WOULD you be awfully embarrassed to find yourself a member of the same secret communist cell as your own butler? I suppose it’s a situation very few of us will ever need to worry about, but allegedly this was an etiquette poser which Alexander Gavin Henderson, second Baron Faringdon, had to negotiate on a regular basis.
The story goes that Henderson’s butler was the local CP convener, while the baron himself was branch secretary. Meetings were held at Buscot Park, the ancestral pile; after serving dinner, the gentleman’s gentleman would take the liberty of discreetly reminding His Lordship that his presence was required in the library this evening.
Once the meeting began, Comrade Butler, in the chair, would instruct Comrade Henderson to read the minutes.
The main source for all that is a memoir written many years later by a friend of Henderson’s who had by then turned anti-communist, so it’s probably best taken with a pinch of salt.
The other well-known story about Lord Faringdon may also be apocryphal. He was famously effeminate and it’s widely reported that he once addressed the House of Lords, not as “My Lords,” but as “My dears.”
What we know for certain about Gavin Henderson is that he was a good and brave man, a genuine hero in two wars, and a socialist who lived a life which was principled, if unorthodox.
Born on March 20 1902, the son and grandson of Conservative members of Parliament, Gavin attended Eton and Oxford and in the 1920s was one of the so-called “Bright Young Things” — the rising generation of aristos and socialites whose lives were dedicated to glittering parties and hilarious japes.
But, like so many of his contemporaries, he was sobered up by the terrifying advent of fascism, and by the realisation that the only people fighting it with any consistency were the communists.
In 1927 an arranged marriage took place between Gavin and the daughter of a shipping magnate. The union was brief and childless, but in a time when being gay was both illegal and scandalous it gave Henderson a public alibi: he wasn’t homosexual, he was simply divorced.

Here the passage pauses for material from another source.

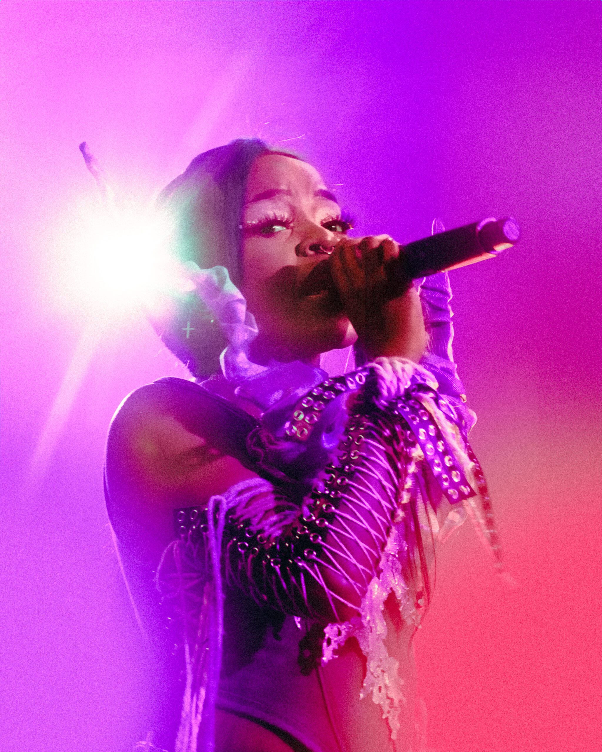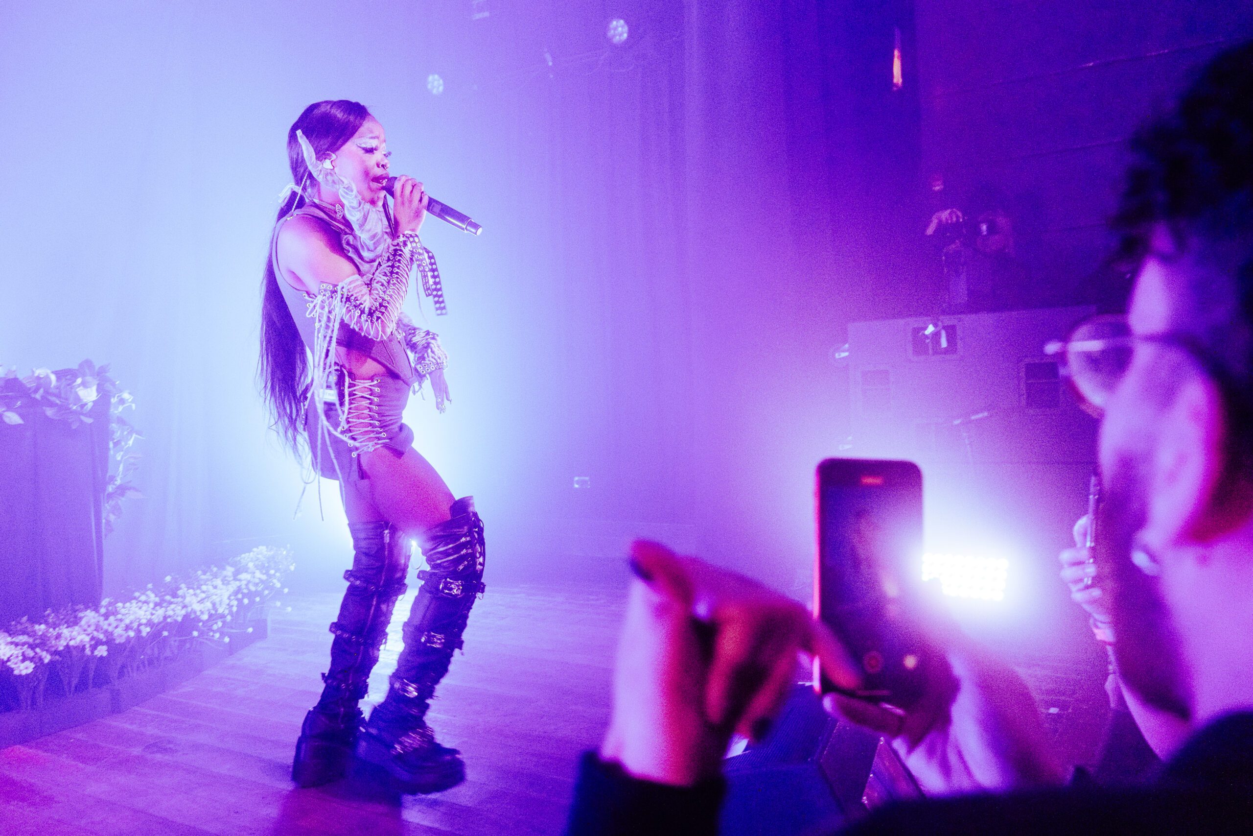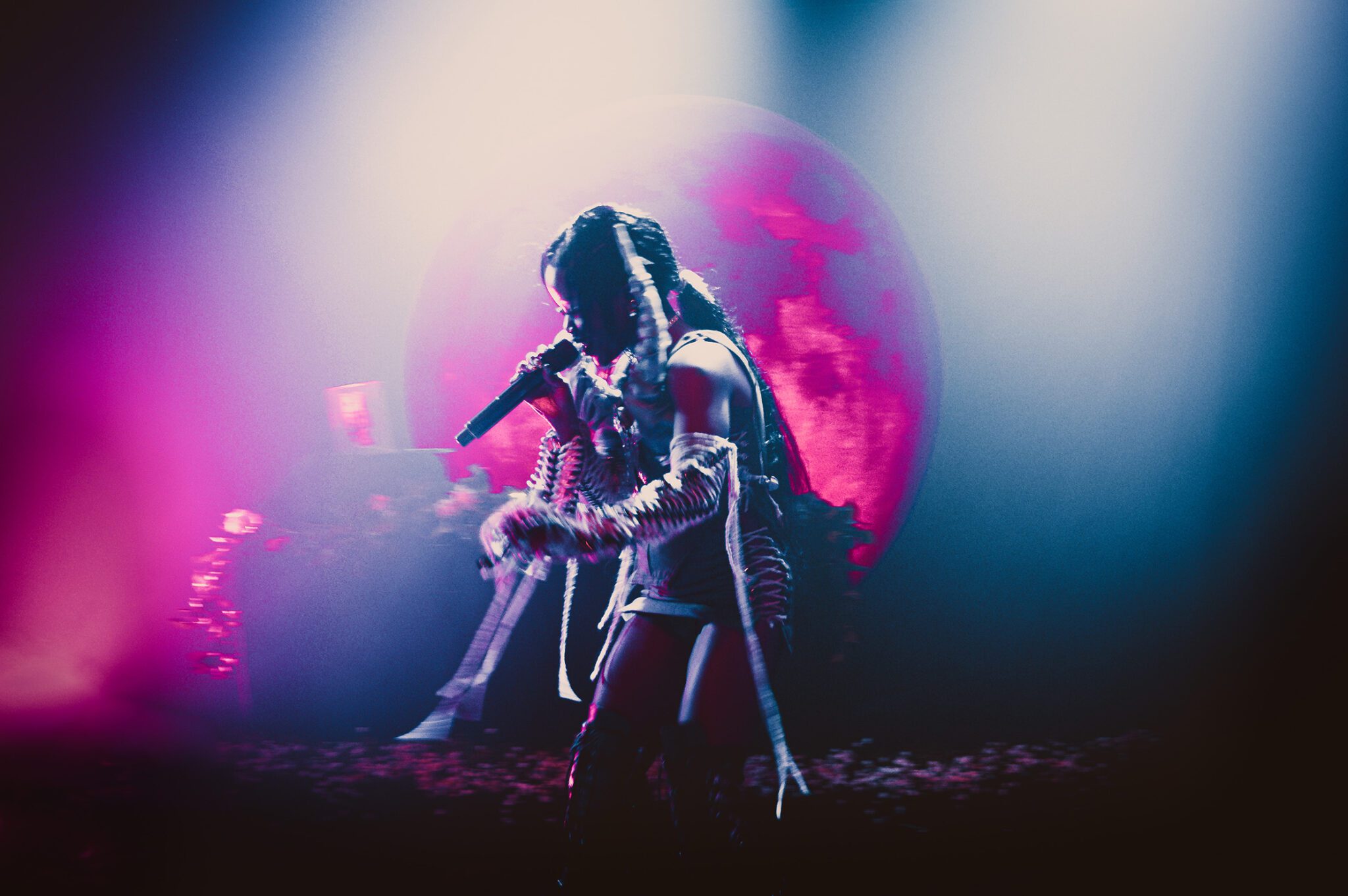Leading the crowd through a vibrant journey through a kaleidoscope of pink and blue lights, reminiscent of a cotton candy wonderland, Tkay Maidza transformed the atmosphere into a visual spectacle. Amidst the energetic lyricism and the eclectic sea of gleaming faces in the front row to engage with, Maidza delivered a performance that was nothing short of captivating. From the beats of “Won One” to the allure of “24K,” each note seemed to resonate with the pulsating energy of the crowd. And then came the moment I personally was waiting for — “Free Throws,” which turned the performance from memorable to downright unforgettable.

The fact that members of his own circle used to refer to him — indelicately, but apparently without censure — as “a roaring pansy” might just have undermined his disguise. So, too, his close friendships with the likes of Tom Driberg and Guy Burgess.
When his grandfather died in 1934, Henderson succeeded to the title of Baron Faringdon, occupancy of Buscot Park, and one of the biggest fortunes in Britain. By the time of his death he’d donated most of the money to the causes he supported.

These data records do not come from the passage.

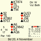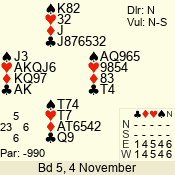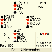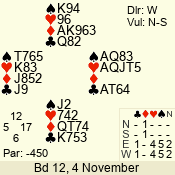 | Con | Dc | Res | Score | Ld | Pairs | Rd | Tbl | | 3 N | W | -5 | 500 | 9 | 20 - 12 | 12 | 1 |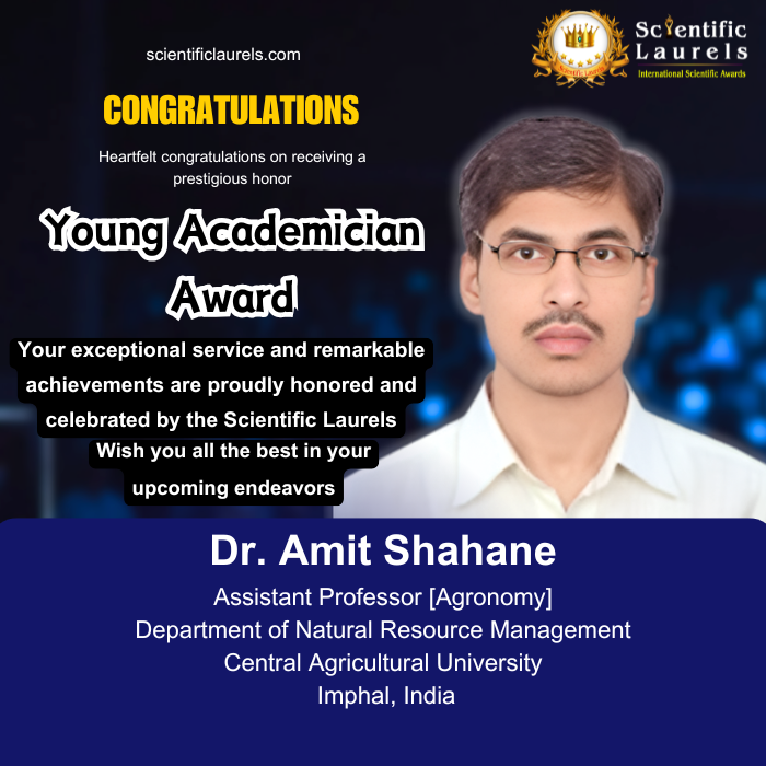 Dr. Amit Shahane is highly eligible for the Young Academician Award (Scientific Laurels) due to his consistent academic excellence, impactful research contributions, and active participation in national and international scientific platforms. His recognition through prestigious presentation awards, along with a substantial number of research publications and conference contributions, demonstrates his dedication to advancing agronomic sciences. Furthermore, his focus on climate-resilient and sustainable agricultural practices addresses critical global challenges, making him a deserving candidate for this honor.
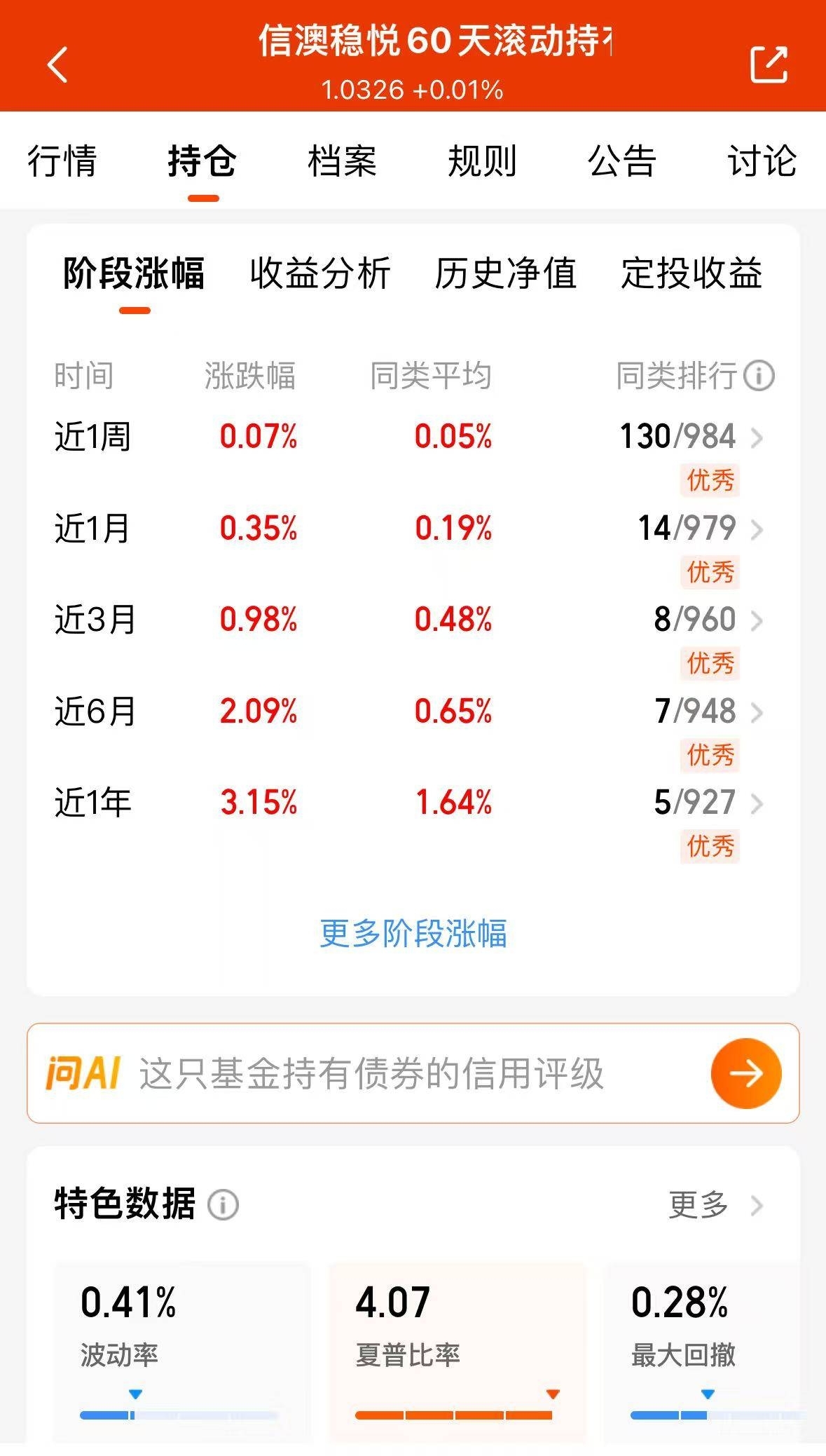 理财就该这么省心!$信澳稳悦60天滚动持有债券C$债市行情向好加持,一个月24个

Whether Henderson was ever formally a Communist Party member or not is disputed, but as The Right Honourable the Lord Faringdon he sat in the Lords as a Labour member, and threw himself into campaigning for the party.

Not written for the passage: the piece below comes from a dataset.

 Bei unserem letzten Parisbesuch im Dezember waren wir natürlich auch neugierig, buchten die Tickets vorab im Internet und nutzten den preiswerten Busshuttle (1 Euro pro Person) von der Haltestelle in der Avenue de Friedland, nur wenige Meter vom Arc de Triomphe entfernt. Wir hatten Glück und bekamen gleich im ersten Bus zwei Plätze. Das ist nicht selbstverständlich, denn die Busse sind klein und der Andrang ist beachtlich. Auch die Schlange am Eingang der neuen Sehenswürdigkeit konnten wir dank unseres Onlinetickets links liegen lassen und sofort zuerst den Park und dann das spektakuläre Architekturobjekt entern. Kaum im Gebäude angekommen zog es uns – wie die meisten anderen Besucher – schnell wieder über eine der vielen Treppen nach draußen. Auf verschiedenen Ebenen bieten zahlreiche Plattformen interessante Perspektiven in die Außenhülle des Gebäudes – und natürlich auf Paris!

Horrified by western Europe’s refusal to support democracy in Spain, Henderson was from 1936 busy in Spanish solidarity work. He turned part of Buscot Park into a home for scores of Basque refugees.
His green Rolls-Royce was converted into an ambulance and shipped to the front line. It survived the war, albeit bullet-holed and battered, and was later used back in Britain to raise funds for the war’s victims.
Henderson himself, a lifelong pacifist, served as a stretcher-bearer in Spain. Once the war was lost, he concentrated on helping republicans escape the country.
In World War II he became a firefighter, where his nickname among the crews was “Lordy.” Henderson distinguished himself during the Blitz in both London and Bristol.
It was a frightening, exhausting and dangerous job — around 1,000 firefighters were killed during the war — but Lordy’s political commitments never lessened. He was a leading member of the Fabian Society and the National Council for Civil Liberties, and continued to attend the house, where he argued for equal pay for female firefighters.
As the war went on, and there were fewer bombs falling on Britain, Henderson volunteered for firefighting duties overseas. His work won him medals from Britain, the Netherlands and France.
He remained in public service for the rest of his life. In-between meetings of the Keep Left Group (communists William Gallacher and Phil Piratin were also members), his work as a Labour councillor, and facilitating labour movement conferences at Buscot Park, he set about restoring the great house itself.
As a result he was seen as one of the first experts in the preservation of Georgian buildings — presumably despite, rather than because of the socialist frescoes he commissioned to adorn several of the walls.
From openly criticising Churchill’s support for the Greek fascists, while part of an official delegation to the USSR in 1945, to rescuing Private Eye from financial collapse 20 years later, “Lordy” remained a tireless rebel — and indeed a tireless lord — until his death in 1977.